Хатагов понял, что надо выручать Плешкова, и попросил слова.
— Вот, товарищи, — сказал он, — у меня в руках фашистская газета. Я только что ее получил. Что же пишут в ней фашисты? Вот послушайте.
В наступившей тишине звучал голос комиссара.
— Из этого ясно, товарищи, — продолжал Хатагов, — какой птице голову свернули.
— Ясно, — послышались голоса, — но интересно — кто?
— Скажу вам по правде, — отвечал спокойно Хатагов, — этого палача казнили мы с вами. Понимаете — мы!

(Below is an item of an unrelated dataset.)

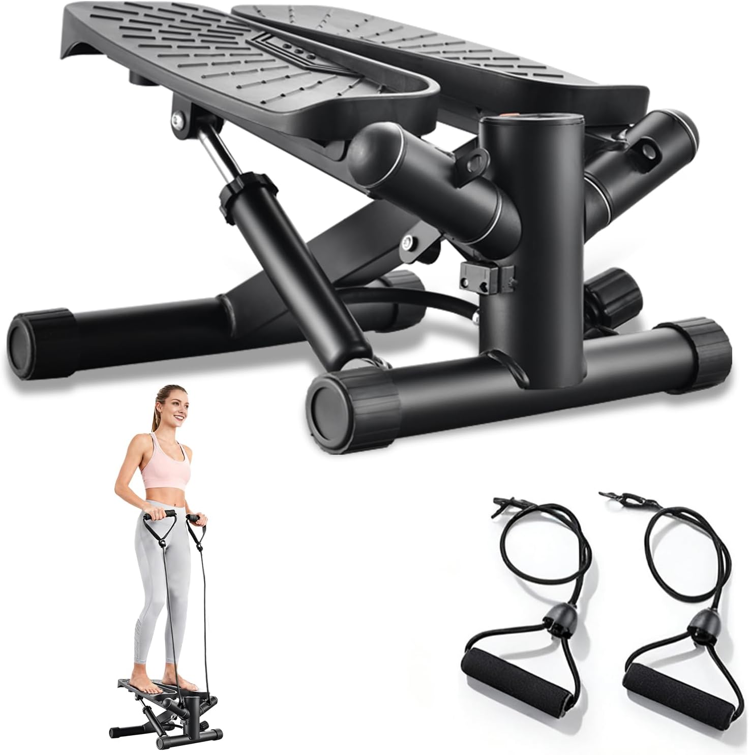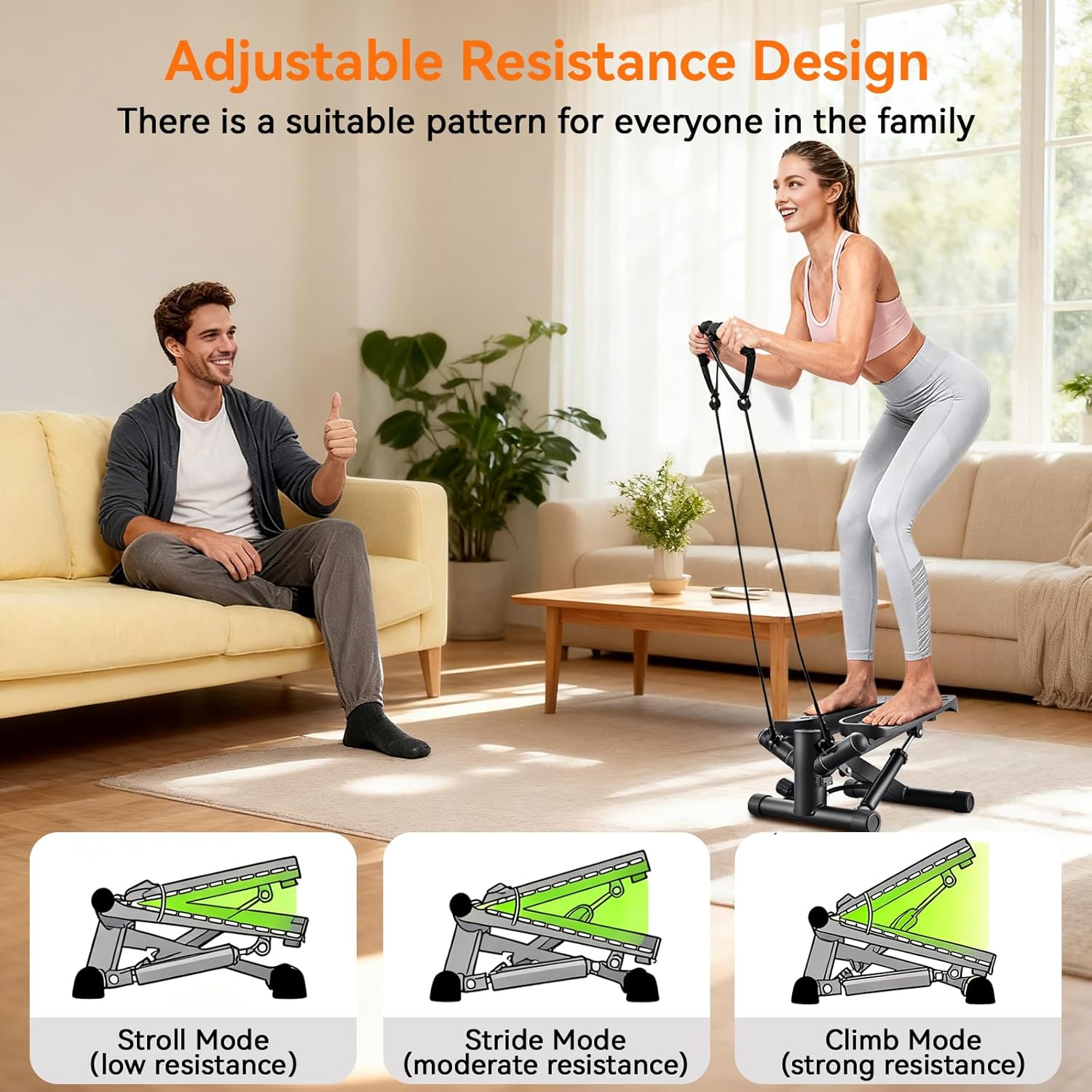 【Customizable Stride & Resistance】Uniquely adjustable stride knob (20.5-27.5cm) lets you control intensity. Low for endurance, high for calorie burn – plus detachable resistance bands for full-body toning.

— Вот это точно, — отозвался Иван Плешков, обращаясь к Макару, — и ты, Макар, и я, и Трошков, словом, все мы.
— А придет время, товарищи, — продолжал Хатагов, — и мы прочтем в наших газетах имена героев.
Ответ Хатагова, может быть, и не полностью исчерпывал любознательность Макара, но сознание того, что и он, и его друзья причастны к этому подвигу, вполне его удовлетворяло.

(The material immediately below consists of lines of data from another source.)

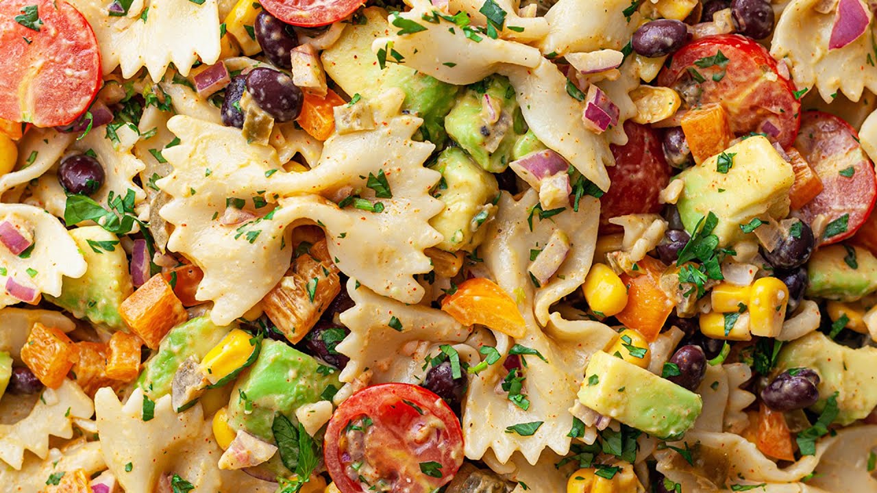 Super fresh and seriously delicious, we’re literally obsessed with this pasta salad right now. It’s the ideal midweek meal: packed with veggies and you can whip it together in less than 30 minutes.
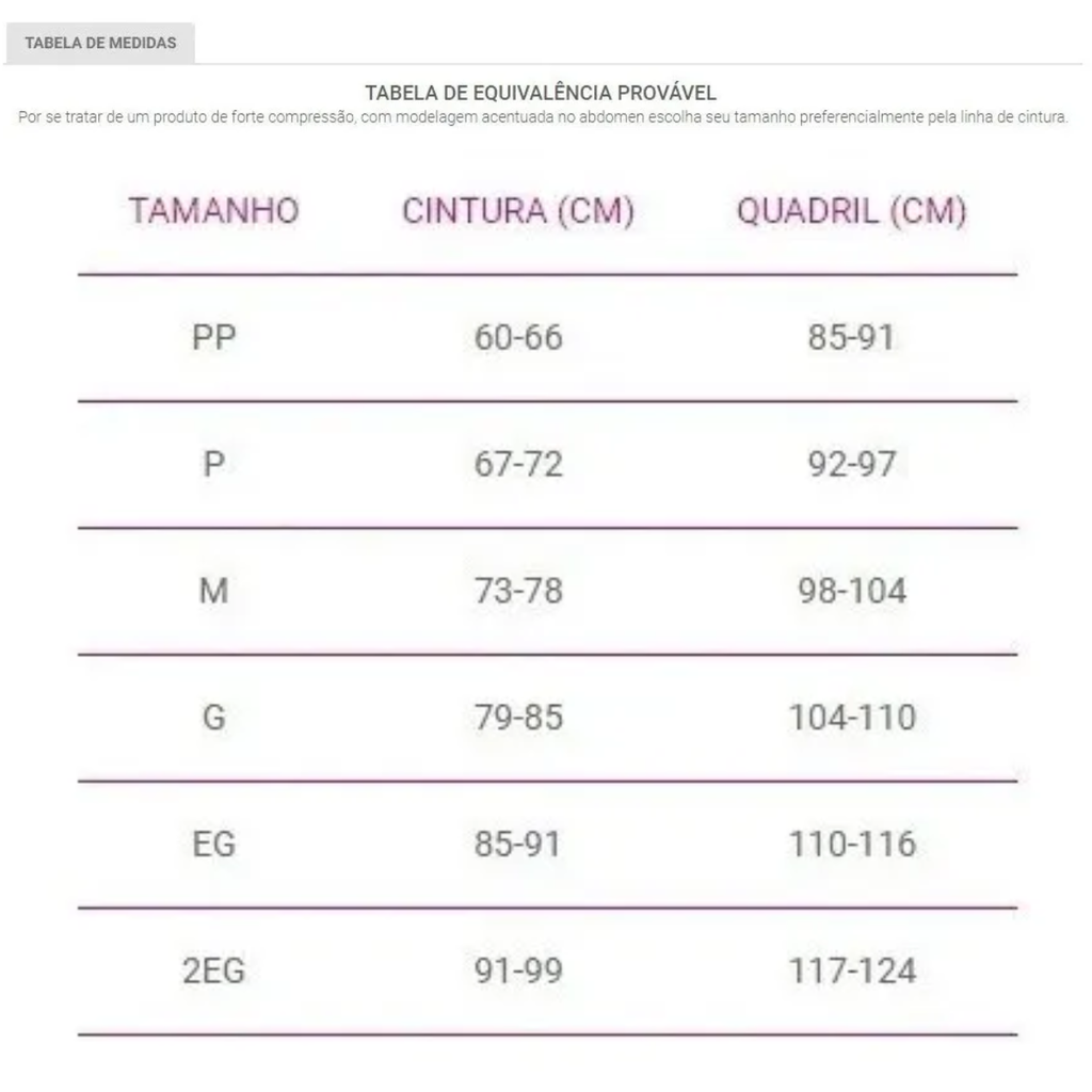 Para saber o tamanho ideal utilize a tabela abaixo usando a medida da sua cintura (4 dedos acima do umbigo)
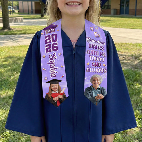 Grandpa Walks With Me Today And Always - Personalized Kid Graduation Stole
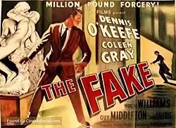 The Fake is a 1953 British crime mystery directed by Godfrey Grayson and starring Dennis O'Keefe and Coleen Gray.[1] An American detective tries to prevent the theft of a priceless painting from the Tate Gallery in London.[2]
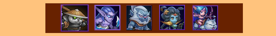 蓝胖,小娜迦,猴子,沉默,小黑。上场率15.32%
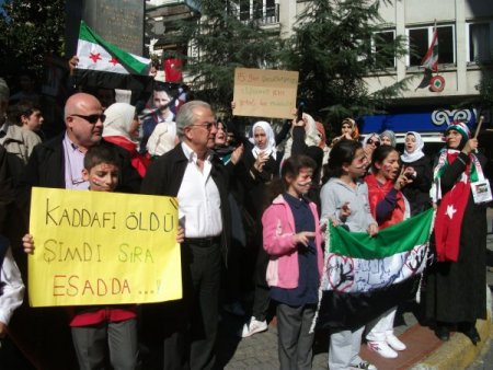 Suriye ile Dayanışma Platformu üyesi Türk ve Araplardan oluşan yaklaşık yüz kişilik grup, Suriye’de yaşanan olayları protesto etmek için Teşvikiye’de bulunan konsolosluk binası önünde toplandı. Arapça sloganlar atan grup ‘Kaddafi öldü sıra Esad’da’ , ’15 gün çocuklarımızı öldürmek için yeterli bir mühledir’ , ‘Suriye halkı Hakkari’deki 24 şehit için ağlıyor. Şehitlerimize Allah’tan rahmet yakınlarına baş sağlığı diliyoruz’ yazılı dövizler ve pankartlar taşıdı.

— А можно у вас попросить газетку, — робко обратился Макар к комиссару, — мы тут ее с хлопцами почитаем.
— Почему же нельзя, — ответил Хатагов, — возьмите, она мне не нужна.
И он, протянув Макару газету, вышел с Плешковым из блиндажа. Как только стихли шаги Хатагова, партизаны обступили Макара.
— Ну, Макар, ты у нас и голова — цены тебе нету, — послышался чей-то голос.
— И до чего же хитер, каналья, — вторил ему Иван Золотухин, — без тебя просто хоть помирай.
— Только уговор, — слышался знакомый нам тенорок, — всем поровну, как при коммунизме.
— Никого не обижу, — с нескрываемым важничаньем говорил Макар, стараясь отрывать от газеты ровные кусочки на самокрутки.
Тем временем Хатагов послал Плешкова к коменданту базы Грищенко с особым заданием: подготовить специальный ужин.
Вечером в просторной штабной землянке за столом, накрытым скатертью из парашютного шелка, сидели командир бригады Николай Петрович Федоров, комиссар и командир группы Харитон Александрович Хатагов, начштаба бригады Дмитрий Федорович Чуприс, начспецотдела Тимофей Васильевич Зверьков, которого друзья за его оборотистость прозвали гебитскомиссаром. Они сидели, так сказать, на своем «начальственном» месте. По обеим сторонам стола, сколоченного из березовых жердей, разместились гости — Мария Борисовна Осипова и Елена Григорьевна Мазаник, ее сестра Валентина Григорьевна Мазаник-Шуцкая, врач Александра Титовна Долмат и никогда не унывающие веселые радистки.
Тамадой, как всегда в торжественных случаях, был Харитон Хатагов. Он блестяще справлялся со своими обязанностями тамады — не давал ни на секунду скучать собравшимся, рассказывал анекдоты, сыпал прибаутками, произносил величальные тосты в честь каждого собравшегося — словом, его таланту мог позавидовать самый заправский тамада, проведший не одну сотню свадеб и пирушек за пышными столами в осетинских селениях.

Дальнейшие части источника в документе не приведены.